EXERCISE DETAILS: Go to the line with "④すべて入力したら、「クラス・コースを登録する」 を押下" in the entries below and write out every line from there through the line with "Обговорення показує: головна", exactly and without pictures.

DATASET EXCERPTS START

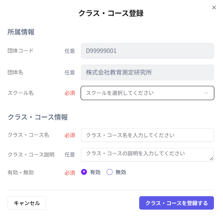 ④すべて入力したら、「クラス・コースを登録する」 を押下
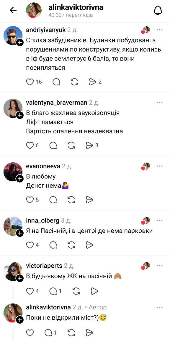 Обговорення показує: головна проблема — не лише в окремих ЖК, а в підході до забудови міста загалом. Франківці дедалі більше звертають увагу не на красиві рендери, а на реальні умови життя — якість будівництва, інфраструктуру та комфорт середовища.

DATASET EXCERPTS END
DATASET EXCERPTS START

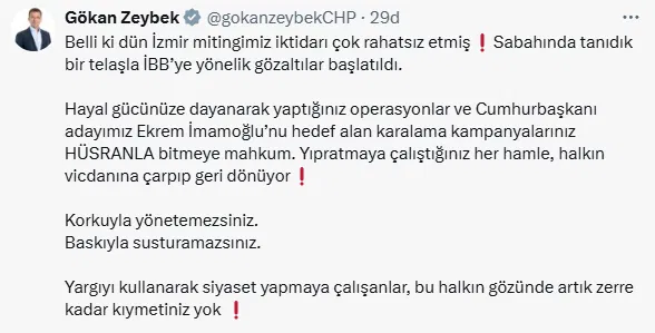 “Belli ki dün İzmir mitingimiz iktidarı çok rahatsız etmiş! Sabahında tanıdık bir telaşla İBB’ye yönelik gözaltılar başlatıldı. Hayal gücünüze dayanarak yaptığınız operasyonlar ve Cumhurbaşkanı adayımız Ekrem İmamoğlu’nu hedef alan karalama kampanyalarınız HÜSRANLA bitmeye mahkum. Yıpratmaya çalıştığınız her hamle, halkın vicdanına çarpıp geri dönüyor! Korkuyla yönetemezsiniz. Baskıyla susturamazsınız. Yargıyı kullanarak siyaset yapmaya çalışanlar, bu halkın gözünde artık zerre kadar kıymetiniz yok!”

DATASET EXCERPTS END

PROBLEM SOLUTION:
 ④すべて入力したら、「クラス・コースを登録する」 を押下
 Обговорення показує: головна проблема — не лише в окремих ЖК, а в підході до забудови міста загалом. Франківці дедалі більше звертають увагу не на красиві рендери, а на реальні умови життя — якість будівництва, інфраструктуру та комфорт середовища.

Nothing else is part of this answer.